Snow foam is OK, but I prefer a Pre-Wash in a pump spray, less faff.

I will only snow if the car is caked in dried on mud in winter.


----------



## Bero (Mar 9, 2008)

Does it remove a lot of dirt? - Yes

Does it remove much more dirt than a PW alone? A fair bit depending on the SF.

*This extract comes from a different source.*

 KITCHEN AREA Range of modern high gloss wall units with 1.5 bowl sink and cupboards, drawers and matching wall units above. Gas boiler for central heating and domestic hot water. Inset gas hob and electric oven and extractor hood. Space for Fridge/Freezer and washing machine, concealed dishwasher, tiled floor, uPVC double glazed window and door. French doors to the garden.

It it essential? - Definitely not

Does it look cool? - Absolutely!


----------



## TonyH38 (Apr 7, 2013)

Found it ineffective to be honest.


----------



## mr.t (Oct 1, 2010)

I tried it for first time last week
1 word.....fantastic!!!
Check out my thread with pix.


----------



## Pittsy (Jun 14, 2014)

I have snow foamed in the past but stopped for the following reasons:
1) Foam everywhere
2) it seems to slide off a well waxed car (might have been my mixture)
3) PITA to set up each time
4) Dropped and broke the lance
So now i use VP CPW through a pump sprayer and have never looked back, it cleaned just as well if not better, less fuss and mess, cheaper as the pump sprayer only cost a couple of squid and i dont look like a knob when doing it..... any more of a knob anyway


----------



## Clyde (Feb 15, 2012)

Personally I'd say a pre wash is just as effective, cheaper and quicker. Used many snow foams and never really been won over by them. I tend to reach for a pre wash these days.


----------



## Kimo (Jun 7, 2013)

Don't get how setting up snow foam takes any longer than setting up a pre wash in a sprayer, oh wait, it's quicker cos you don't have to pump every 5 seconds -.-

If you have a good foam then itll perform just as well if not better than a pre wash

Problem is people just go for the ones which look pretty, smell nice or have a fancy name lol

It's also far cheaper for snow foam than pre wash too :lol:


----------



## Dougnorwich (Jun 27, 2014)

Kimo73 said:


> Don't get how setting up snow foam takes any longer than setting up a pre wash in a sprayer, oh wait, it's quicker cos you don't have to pump every 5 seconds -.-
> 
> If you have a good foam then itll perform just as well if not better than a pre wash
> 
> ...


Ere ere Mr kimo

Expensive and smelly doesn't always equal good....unless she's blonde


----------



## JwilliamsM (Dec 20, 2011)

I've had it with snow foam now. It works ok and looks pretty, but the mess it makes in the door shuts/engine bay/boot is beyond a pain in a$$ to remove when drying. 
I much prefer my valet pro pre wash in my osatu pump sprayer, much tidier and as effective if not better


----------